Work task: Copy out the listing that follows, exact in every word, and skip the images.

Data segment:
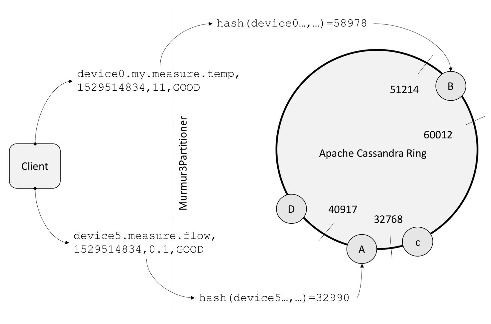Apache Cassandra is organized as a ring of nodes. Each node takes care of a portion of data, according to a hash code that is calculated based on a key. The following diagram shows how a client should allocate the measures across the Apache Cassandra data nodes:
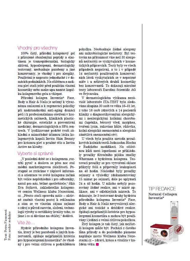 „V poslední době se s kolagenem ‚roztrhl pytel‘ a doslova se přes noc stal módní marketingovou záležitostí. Postupně se ztrácíme v záplavě informací a orientace ve světě kolagenu začíná být velice nepřehledná i pro odborníky, natož pro nás, běžné spotřebitele,“ říká Eva Sojková, zakladatelka kolagenového centra Wellness klubu Nezestárni.cz. „Přesto stačí opravdu málo – aktivně změnit vlastní postoj k reklamám a sám se ve vlastím zájmu zajímat o zdroj a původ surovin, složení, technologii výroby a certifikáty kvality toho, co jíme i co si dáváme na obličej,“ dodává.
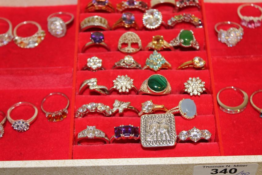 A collection of forty silver dress rings, variously set with amethysts, malachite, cubic zirconia, citrine, topaz etc (40)
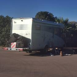 Erstens gutes Wetter, zweitens wriü man da, was man hat und vor allem kann ich meine Dreckwäsche in der Wäscherei abgeben und muß nicht an einem Supermarkt waschen.

Final answer:
Apache Cassandra is organized as a ring of nodes. Each node takes care of a portion of data, according to a hash code that is calculated based on a key. The following diagram shows how a client should allocate the measures across the Apache Cassandra data nodes:
 „V poslední době se s kolagenem ‚roztrhl pytel‘ a doslova se přes noc stal módní marketingovou záležitostí. Postupně se ztrácíme v záplavě informací a orientace ve světě kolagenu začíná být velice nepřehledná i pro odborníky, natož pro nás, běžné spotřebitele,“ říká Eva Sojková, zakladatelka kolagenového centra Wellness klubu Nezestárni.cz. „Přesto stačí opravdu málo – aktivně změnit vlastní postoj k reklamám a sám se ve vlastím zájmu zajímat o zdroj a původ surovin, složení, technologii výroby a certifikáty kvality toho, co jíme i co si dáváme na obličej,“ dodává.
 A collection of forty silver dress rings, variously set with amethysts, malachite, cubic zirconia, citrine, topaz etc (40)
 Erstens gutes Wetter, zweitens wriü man da, was man hat und vor allem kann ich meine Dreckwäsche in der Wäscherei abgeben und muß nicht an einem Supermarkt waschen.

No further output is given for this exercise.